– А когда она узнала, что это не так, – начала я, медленно вспоминая, – то заставила тебя весь день нарезать лук. Твои глаза так покраснели, что ты ничего не видел перед собой. Финлей с Сэндо называли тебя плаксой.
Кетон рассмеялся.
– Эх, умели же мы вчетвером веселиться, да?
У меня пересохло в горле. Мои оставшиеся воспоминания были как дикие птицы, запертые в клетке. Они улетали одна за другой и никогда не возвращались.
– Помнишь, как мы с Сэндо играли в баларских пиратов?
Кетон спрятал меч в ножны и замахнулся.
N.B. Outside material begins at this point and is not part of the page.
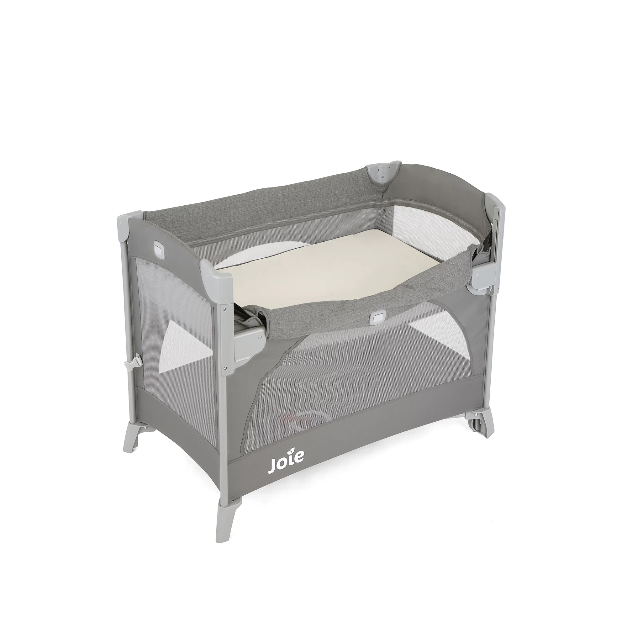 - Deux roues intégrées permettent de déplacer facilement ce lit de voyage d’un espace à l’autre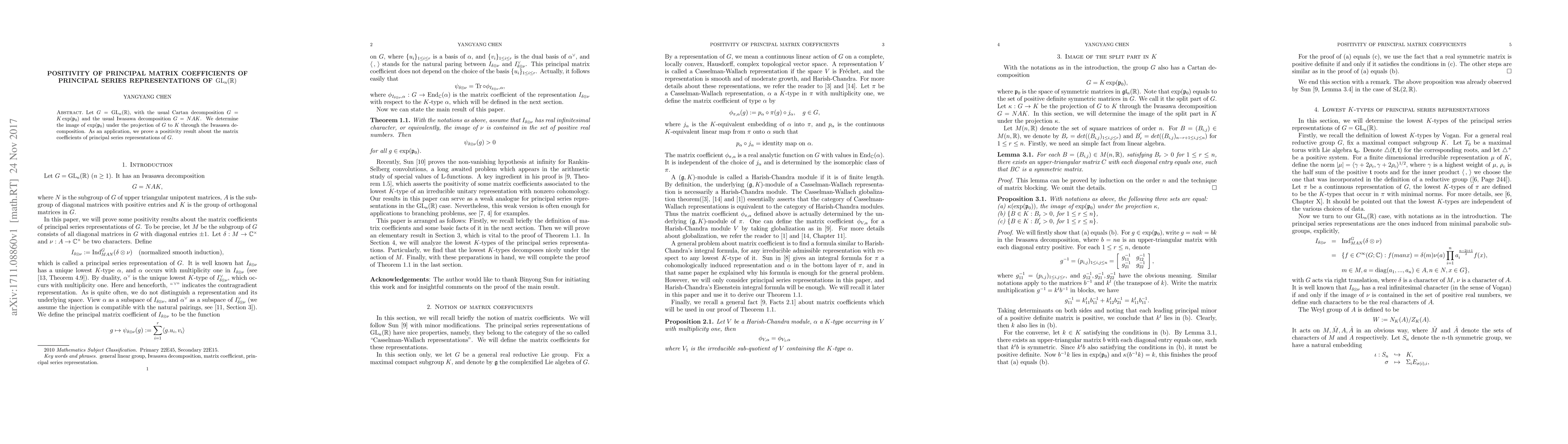 This research paper studies the principal series representations of $GL_{n}(R)$, focusing on the positivity of principal matrix coefficients, and determines its image under Iwasawa decomposition.

К его удивлению, я ловко уклонилась.
– Где ты этому научилась?
– В путешествии.
Он вскинул бровь.
– У чародея? Папа спрашивал у него, говорил ли он тебе о своих намерениях.
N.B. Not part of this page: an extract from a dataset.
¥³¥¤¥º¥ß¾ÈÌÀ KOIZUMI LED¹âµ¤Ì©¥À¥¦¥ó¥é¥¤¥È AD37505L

Мои щеки запылали жаром, но он через секунду прошел. Мне удалось лишь настороженно выдавить:
– И?
– Сказал, что да. – Губы Кетона изогнулись в ехидной ухмылке. – Что, даже не улыбнешься? Похоже, мой совет оказался слишком действенным. Думаю, ты слишком долго притворялась мужчиной во дворце. Тебя уже ничего не способно тронуть.
– Возможно, – допустила я. «Или же я просто знаю, что у нас нет будущего». – Какая разница? Папа все равно ему не доверяет.
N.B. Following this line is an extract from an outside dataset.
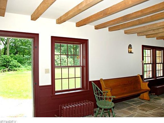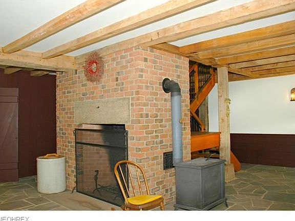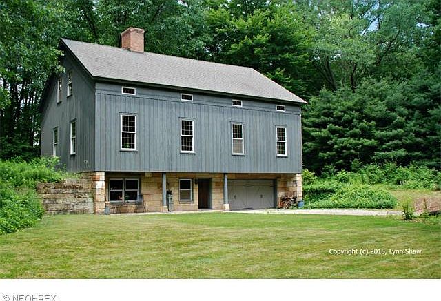 This wonderful home was originally a 19th century barn that was dismantled piece by piece and moved from it's former site in Sharon Twp. Reconstruction & refurbishing has been accomplished over more than 2 decades. The 3 level 5000 sq. ft. barn sits on 2.7 wooded acres with public water & public sewer. The original barn is believed to have predated the Civil War and was later reconstructed in 1887 as substantiated by the dated cornerstone of 1887. The authentic timber frame construction was meticulously assembled to it's original state. The walls and ceilings are sheathed in old wood from area barns and mills. Kit. counters were created from blackboards that once graced the Ravenna Ohio Schools. The floors are reclaimed brick, roofing slate and pieces of old flagstone sidewalks from the City of Ravenna. The Rumford F/PL can be viewed thru an open tread staircase on all 3 levels. The 2nd floor boasts 12 ft. ceilings & consists of a Gr. Rm. Liv. Rm. Din. Rm. spacious Kit. with slate floor and St/St appl. a Butler's Pantry, Office and 1/2 Ba. complete this level. The wood for the cabinets and stairs was milled in New Philadelphia. The 3rd floor Sauna was completed in 2013 with removable floors and seats. All of the 3rd floor Eyebrow Windows do open for fresh air and the skylights automatically close, should it rain. The Mstr. Bd Rm has a vaulted ceiling, sitting area and his & her closets. Call for a private viewing of this truly exceptional, one of a kind home.

– Папа и монаху бы не доверял. Это никак не связано с тем, что он чужеземец; его аландийский даже лучше, чем мой. Даже будь он самим императором, у папы все равно были бы опасения. В его глазах любой мужчина недостаточно хорош для тебя.
– Для меня? – Я начала смущенно крутить руки в перчатках, которые теперь носила постоянно, чтобы скрыть свои безобразные когти. – Это ты всегда был папиным любимчиком.
– Я любимчик, но в тебе он видит себя. – Кетон воткнул меч в землю и прислонился к нему; выглядел он уставшим. – Он хочет, чтобы ты была счастлива. Как они с мамой.
Я подумала о красной нити, обвязанной вокруг запястья Эдана, и потянулась к своей собственной. По-прежнему на месте.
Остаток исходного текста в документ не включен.